Rosenblatt continued, “Looking forward, we see extremely positive momentum in our business and believe that we are well positioned to capture the tremendous opportunities in front of us. With our bustling customer pipeline, we have broadened and further increased the depth of our R&D team to respond to the exciting challenges and opportunities in the marketplace for today and tomorrow. We have the innovation, commitment to operational excellence, agility and flexibility to drive the invention and development of the best OLED technologies and phosphorescent materials for our customers and partners worldwide.”

 

Financial Highlights for the Fourth Quarter of 2016

 

Total revenue was $74.6 million, up 20% from the fourth quarter of 2015, driven by material sales of $29.2 million, up 5% and royalty and license fees of $43.6 million, up 27%, on a year-to-year basis. Contract research services revenue generated from the wholly-owned subsidiary Adesis, Inc. was $1.8 million. The Company recognized $37.5 million in SDC licensing revenue, up from $30 million in the same quarter of 2015.

 

The Company reported operating income of $34.8 million for the fourth quarter of 2016, up 31% compared to $26.6 million for the fourth quarter of 2015. Cost of sales was $9.1 million, up from $8.1 million, and operating expenses were $30.7 million, up from $27.6 million.

 

 


 

Net income for the fourth quarter of 2016 was $25.8 million, or $0.55 per diluted share, compared to $18.1 million, or $0.39 per diluted share, for the fourth quarter of 2015.

 

Financial Highlights for the Full Year 2016

 

Revenue for the full year 2016 was $198.9 million, up 4% from $191.0 million for the prior year. Material sales were $99.3 million, down 12% from $113.1 million for the prior year, primarily due to a decline in host sales of $11.1 million.
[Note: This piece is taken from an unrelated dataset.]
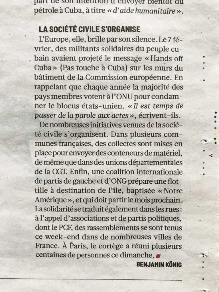 Ce lundi 16 février j’attendais autre chose qu’un article insignifiant, voire méprisant pour le PCF, seul parti d’envergure ayant appelé et organisé les rassemblements pour CUBA. En marge de la double page consacrée à Francesca Albanese (rien à dire) un petit article de 3 paragraphes titre sur « Un élan de solidarité mondial pour Cuba »… C’est un peu juste, pour un élan de solidarité mondial, non? Plus grave, sur les 3 paragraphes un est intitulé « La société civile s’organise » où l’on cite pêle-mêle les initiatives, et en fin d’article le pseudo-journaliste qui ne s’est manifestement pas rendu sur les lieux de manifestations écrit qu' »à l’appel d’associations et de partis politiques, dont le PCF, des rassemblements se sont tenus dans de nombreuses villes de France ». Si ce journaliste avait fait son boulot il aurait vite vu que le PRCF, Révolution Permanente, la CGT etc. ont appelé à rejoindre l’action initiée par… le PCF. Pas par le PS, pas par LFI, pas par EELV, par le PCF ! Je me suis dit, c’est pas possible il y aura quelque chose mardi. Non mardi, il n’y avait rien sur CUBA ni sur le PCF d’ailleurs.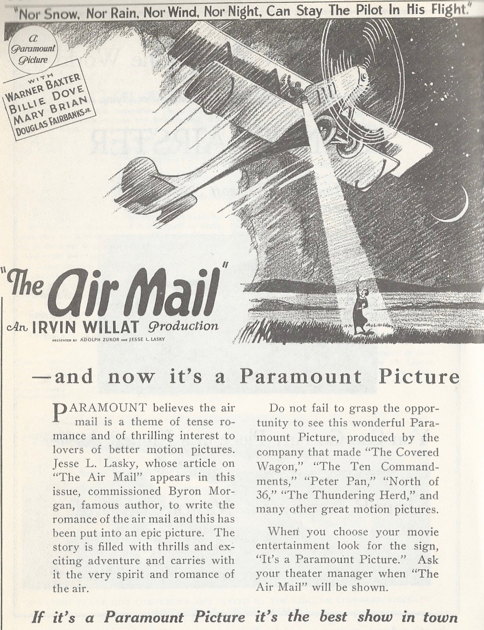 The Air Mail was a Paramount Pictures production, still silent in 1925. Its ad in the Aeroplane Scrap Book says, “Paramount believes the air mail is a theme of tense romance and of thrilling interest to lovers of better motion pictures…. Ask your theater manager when ‘The Air Mail’ will be shown.”

Royalty and license fees were $96.1 million, up $18.3 million from $77.8 million for the prior year, reflecting the $15.0 million increase SDC license revenue. Contract research services revenue was $3.5 million, compared to $0.2 million for the prior year due to customer sales from the recently acquired Adesis subsidiary.  

 

The Company reported operating income of $68.4 million for the full year 2016, compared to $32.3 million for the prior year. Operating income in the prior year reflected a $33.0 million write-down of inventory, primarily of an existing host material and associated work-in-process. Excluding this item, adjusted operating income for the full year 2015 was $65.3 million (see "reconciliation of non-GAAP Measures" below for further discussion of the non-GAAP measures included in this release).

 

For the full year 2016, the Company reported net income of $48.1 million, or $1.02 per diluted share. Net income in the full year 2016 included an increase in amortization expense of $5.5 million associated with the purchase of the BASF OLED IP assets and the acquisition of Adesis, or a reduction of $0.08 per diluted share. These results compare to net income of $14.7 million, or $0.31 per diluted share, for the prior year. Excluding the inventory write-down, and the associated $2.8 million reduction of income tax expense, adjusted net income for the prior year was $44.8 million, or $0.94 per diluted share.

 

 


 

Operating cash flow for the full year 2016 was $80.3 million, compared to $113.6 million for the prior year. Operating cash flow for the full year 2015 included an upfront $42.0 million license and royalty payment.

 

The Company’s balance sheet remained strong, with cash and cash equivalents and investments of $343.0 million as of December 31, 2016. During the year, the Company added $96.0 million in intangible assets in the form of acquired license rights and know-how with the BASF patent acquisition, and the Adesis acquisition added $16.8 million in intangible assets in the form of customer relationships, internally developed IP and trade names as well as $15.5 million of goodwill.

 

2017 Guidance

 

Although the OLED industry is still at an early state where many variables can have a material impact on its growth, and the Company thus caveats its financial guidance accordingly, the Company believes that its revenues will be in the range of $230 million to $250 million for fiscal 2017.

 

Dividend

 

The Company also announced a cash dividend today of $0.03 per share on the Company’s common stock. The dividend is payable on March 31, 2017, to all shareholders of record as of the close of business on March 15, 2017.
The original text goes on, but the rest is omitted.